Yes, ALS is a rare disease. An estimated 34,720 adults are living with ALS in the United States, well under the 200,000-person threshold the federal Orphan Drug Act uses to define a rare condition. That makes ALS roughly 30 times less common than Parkinson’s disease and far less prevalent than other neurological conditions like Alzheimer’s or multiple sclerosis.
How ALS Meets the Rare Disease Threshold
The FDA defines a rare disease as one that affects fewer than 200,000 people in the country. With under 35,000 Americans currently living with ALS, the condition falls well within that boundary. The FDA has formally designated ALS treatments under its orphan drug program, which exists specifically to encourage pharmaceutical development for diseases that affect small patient populations.
The CDC’s National ALS Registry tracks prevalence at about 10.1 cases per 100,000 people. For perspective, Parkinson’s disease affects more than 10 million people worldwide, while ALS prevalence globally ranges from roughly 1.6 per 100,000 in some countries to about 11.8 per 100,000 in the United States, which has one of the highest rates recorded.
How Many People Are Diagnosed Each Year
About 1.44 people per 100,000 are newly diagnosed with ALS each year in the U.S., based on the most recent CDC incidence data. That translates to roughly 5,000 new cases annually. Because ALS progresses quickly and survival after diagnosis is typically measured in years rather than decades, the total number of people living with the disease at any given time stays low even as new cases steadily appear.
Getting to a diagnosis often takes a long time. Patients seen by ALS specialists wait an average of 9.6 months from their first neurology consultation to a definitive diagnosis, with a median of 4.5 months. Those seen by general neurologists wait nearly twice as long, averaging 16.7 months. Part of the delay comes from the rarity itself: many physicians encounter ALS infrequently, and there’s no single test that confirms it. Diagnosis relies on ruling out other conditions and observing a pattern of progressive motor neuron loss.
Who Gets ALS
ALS is more common in men than women, at a ratio of about 1.6 to 1. The CDC recorded a prevalence of 6.4 cases per 100,000 in males compared to 4.0 per 100,000 in females. Most people are diagnosed in middle to late adulthood, though it can occur at younger ages.
About 90% to 95% of ALS cases are sporadic, meaning the person has no family history of the disease. The remaining 5% to 10% are familial, where an inherited genetic mutation is the likely cause. Even in sporadic cases, researchers believe a combination of genetic susceptibility and environmental factors plays a role, but the exact triggers remain unclear for most patients.
Why Rarity Matters for ALS Patients
Being classified as rare has real consequences for people living with the disease. On one hand, the orphan drug designation gives pharmaceutical companies financial incentives (tax credits, extended market exclusivity) to develop treatments they might otherwise ignore due to the small patient population.
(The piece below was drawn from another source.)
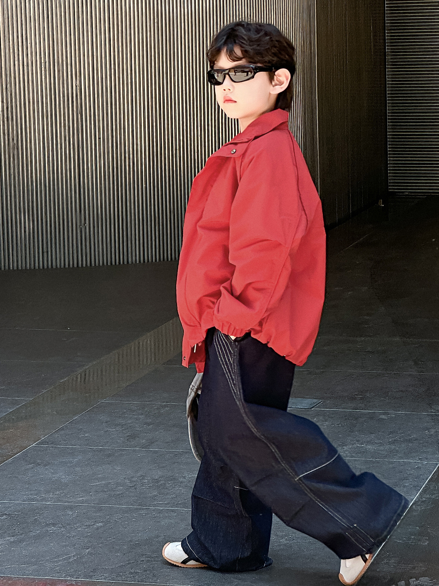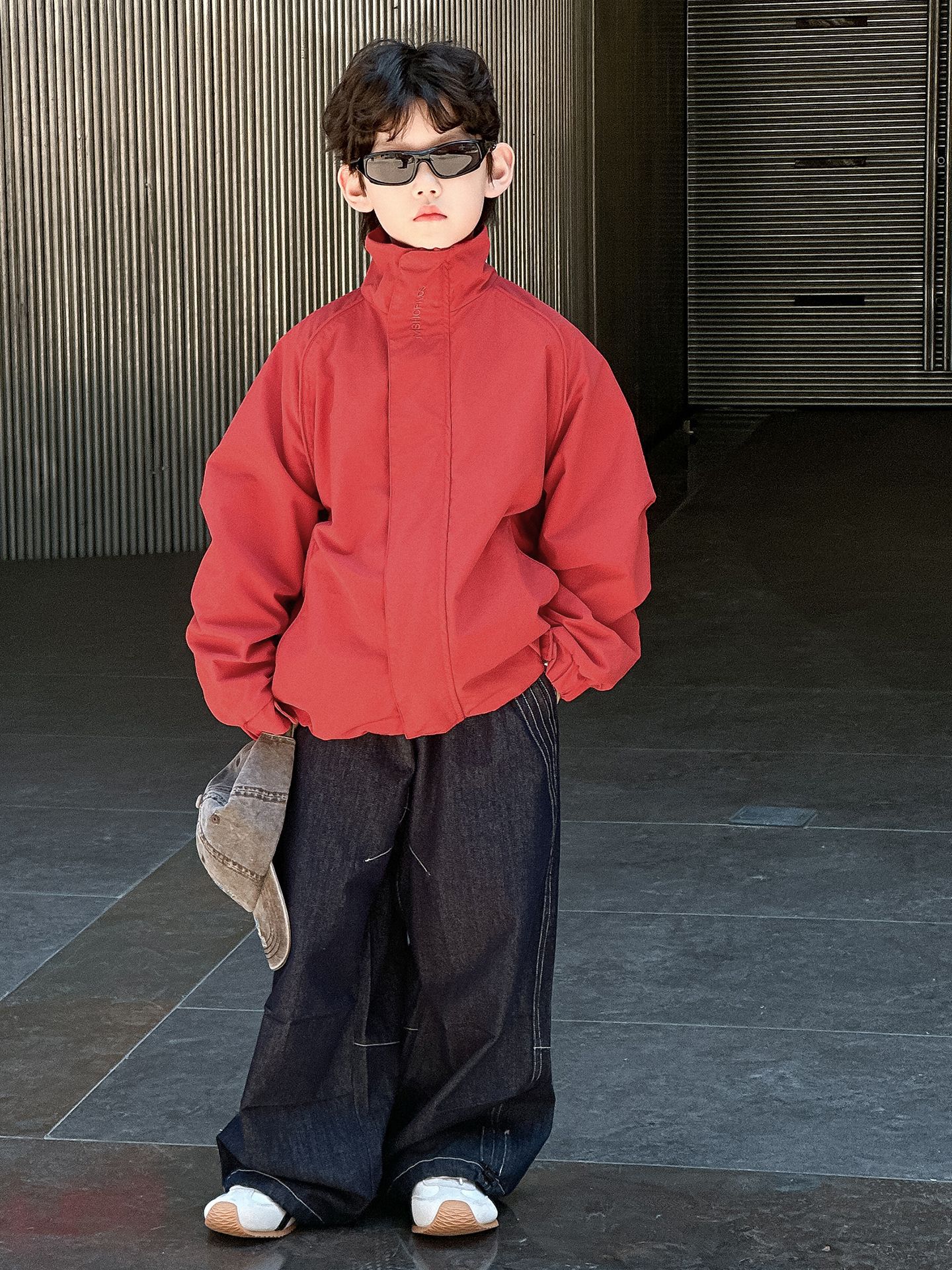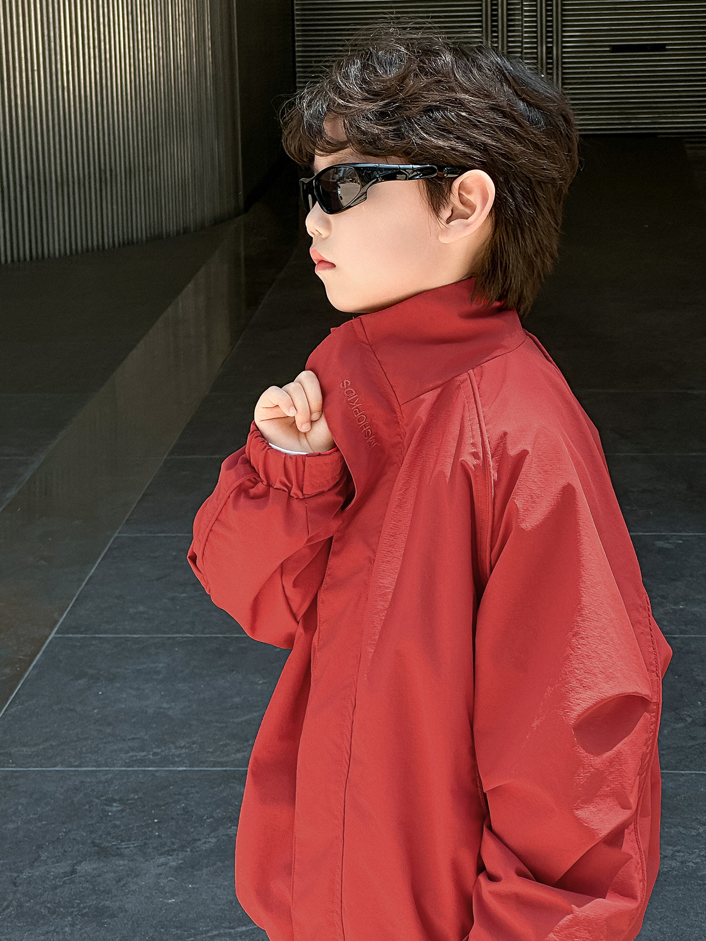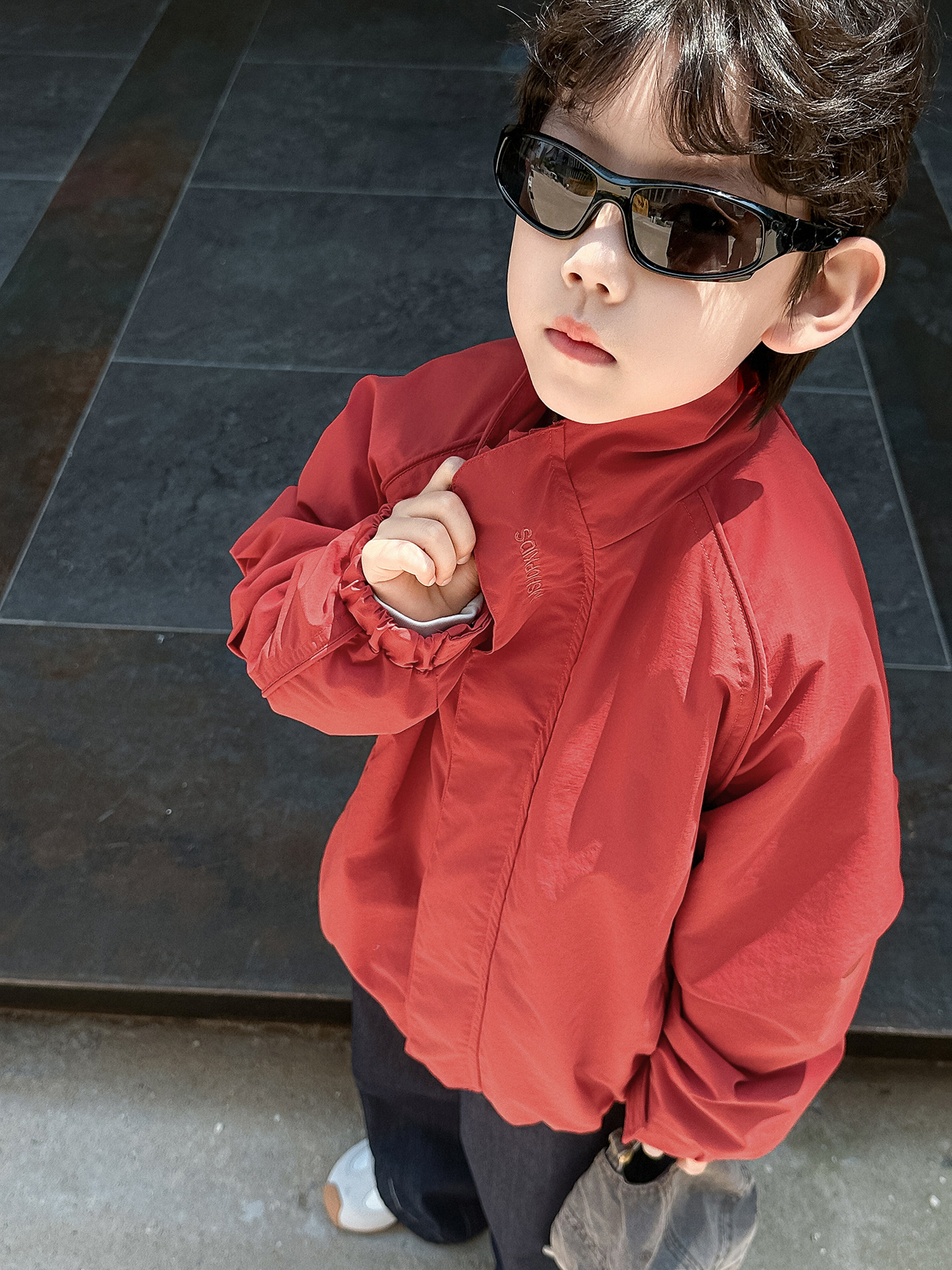 면 소재 아동용 가을 자켓, 한국 스타일 2025 신상 가을 아동복, 빨간색 자수 아기 스포츠 상의, 트렌디

On the other hand, rarity means fewer specialists, longer diagnostic delays, and less public awareness compared to more common neurological conditions.
The numbers illustrate the gap clearly. Stroke, Alzheimer’s disease, and migraine are the three most burdensome neurological conditions in the U.S. by total years of healthy life lost. ALS, despite being among the most devastating diagnoses a person can receive, affects too few people to rank alongside those conditions in population-level burden. That disconnect between individual severity and population size is exactly what defines a rare disease: not that it’s unimportant, but that it affects a small enough group to require special policy attention.
ALS Compared to Other Neurological Conditions
- Parkinson’s disease: Over 10 million people affected worldwide, making it hundreds of times more common than ALS globally.
- Alzheimer’s disease: Roughly 6.7 million Americans over 65 are living with Alzheimer’s, nearly 200 times the ALS population.
- Multiple sclerosis: About 1 million Americans have MS, roughly 30 times the number with ALS.
- ALS: Approximately 34,720 Americans, with global prevalence varying significantly by region.
That variation across countries is notable. ALS incidence ranges from 0.26 per 100,000 in Ecuador to 23.46 per 100,000 in Japan, suggesting that geography, genetics, and possibly environmental exposures influence risk in ways researchers are still working to understand.